# '93 maxima camshaft sprocket kit question



## churp67 (Mar 17, 2009)

Hi, new to the forums.

I'm in the process of buying a '93 Maxima off a private seller on Craigslist (V6, auto, 152k miles). The car appears to be in good shape save for a rattling noise in the front end. The seller noted that this was due to the car needing a new camshaft sprocket kit. He said that I could drive it without having it repaired, but that it would continue to make the rattling noise.

I got the number of the mechanic he's been working with since he bought the car (he said he's had it for about 4 years) and the mechanic confirmed this. He too said that leaving it alone would not cause any damage to the car but that the noise would continue. Repairing it, he said, would not only eliminate the noise but speed up the timing belt. He quoted me $500 for labor alone to repair the problem, which is almost a third of the car's value in the first place.

I'm perfectly fine with leaving the problem as it is if I am not at risk for any major damage. I only plan on keeping this car for about 6 mos., I just need a beater to get around until I move cross-country in the summer. Is the guy/his mechanic B.S.'ing me about the risk of damage, or could I realistically drive this thing 5-7,000 miles with only an annoying noise?

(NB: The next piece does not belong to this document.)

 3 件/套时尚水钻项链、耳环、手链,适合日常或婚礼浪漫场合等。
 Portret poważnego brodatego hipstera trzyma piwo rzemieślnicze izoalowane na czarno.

Also -- saw another new member ask this about a Maxima -- is $1750 a reasonable asking price for a '93 V6 auto with 152k? Outside of the sprocket kit issue, it's been well-maintained: new water pump, new axles, new brakes, new tires, new alignment, all fluids flushed/replaced, oil changes every 3 mos. (at least since the seller bought it 4 years ago with 121k on it). Clean vehicle history report. 

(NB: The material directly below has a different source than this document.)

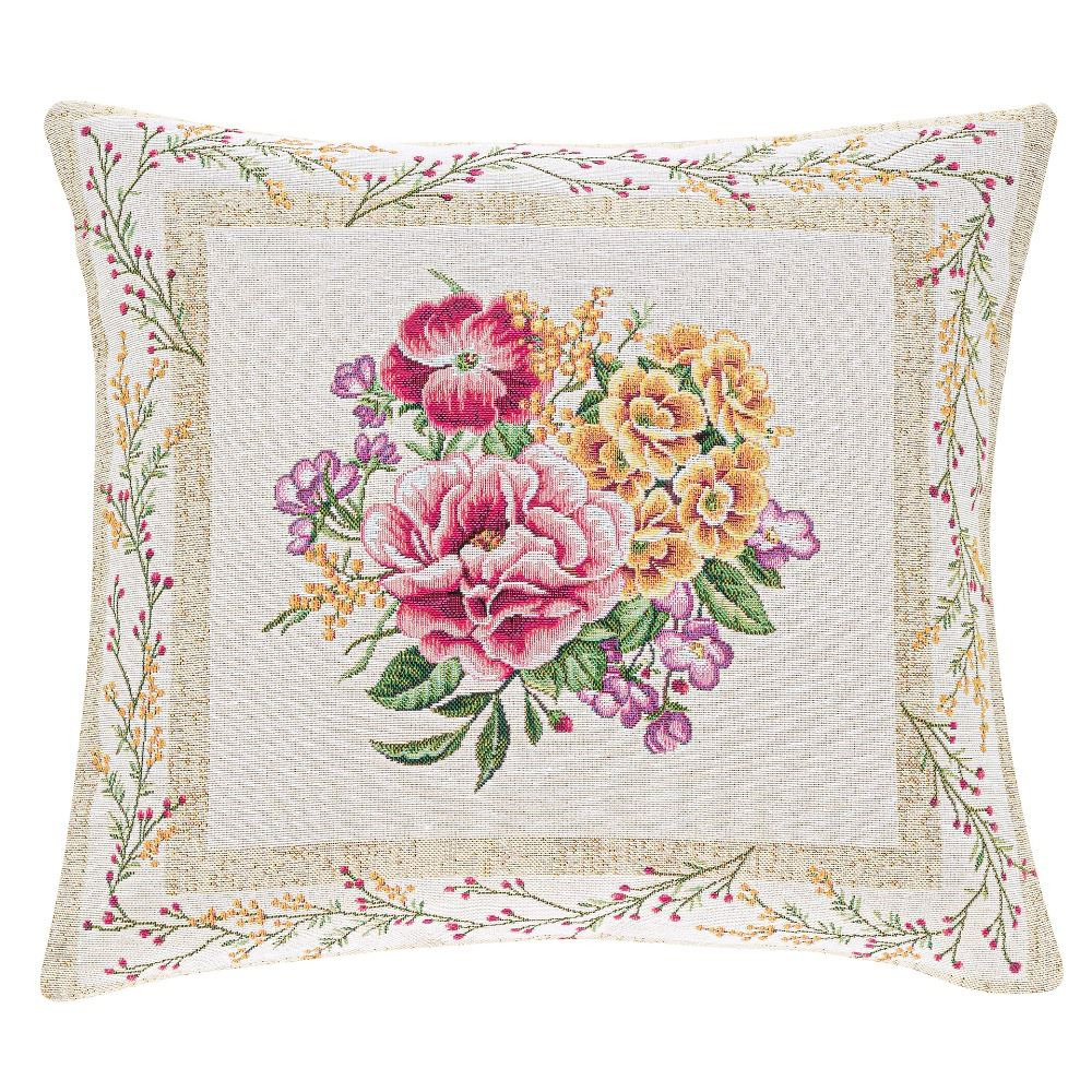 Jaquard cushion cover with a central bouquet of elegant pink flowers and a beige background. Zip closure.

Any help would be greatly appreciated -- thanks.


----------



## churp67 (Mar 17, 2009)

oh, and it's an SE, if that helps.


----------



## internetautomart (Mar 8, 2004)

price is high depending on where you are.
you don't need a sprocket, you need to rebuild the VTC assembly.
you can try to ground the solenoids first and change the oil and use a GOOD filter. depending on how bad the clack is that may help.
if the above doesn't help the clack then there is the very real possibility of the caps getting shattered on the VTCs which will cost you a motor.
How long have they been driving with it clacking?
Has the clack been there 100% of the time?
if it's been constantly clacking for over a year I would not trust it for a long trip.


----------



## churp67 (Mar 17, 2009)

1) I'm in Providence, RI, USA -- is that price still high? 

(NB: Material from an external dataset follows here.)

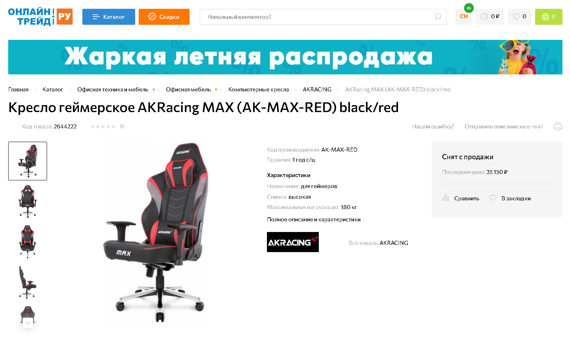 Отличным вариантом стало кресло AKRacing MAX. Кресло было куплено в Онлайнтрейд, ибо оно там стоило на 2000 р дешевле, чем в ДНС, плюс магазин постоянно раздает немного бонусов по праздникам и их хватило на бесплатную доставку. Сейчас его там уже нет в продаже, наверно я купил последнее, но оно есть в других магазинах в больших количествах.

2) I don't know how long the clack has been going on for. I vaguely remember the seller telling me that he'd replaced some part recently, he was told the noise should have gone away within a couple of weeks but hasn't yet, I do know he's replaced the water pump. Hope that helps some, but don't quote me on any of that.


----------



## churp67 (Mar 17, 2009)

and I also remember that yesterday he said something about this being the result of the first owner not changing the oil regularly


----------



## internetautomart (Mar 8, 2004)

churp67 said:


> 1) I'm in Providence, RI, USA -- is that price still high?
> 
> 2) I don't know how long the clack has been going on for. I vaguely remember the seller telling me that he'd replaced some part recently, he was told the noise should have gone away within a couple of weeks but hasn't yet, I do know he's replaced the water pump. Hope that helps some, but don't quote me on any of that.


yes that price is high, you are in a rust area. so I'm pretty sure it has rust.
there is no such thing as a part that you replace and the noise goes away after a couple of weeks. there should be no noise from the git go.
I'd leave the car at least in part because the previous owner didn't maintain it which means that EVERYTHING is suspect on the car now


----------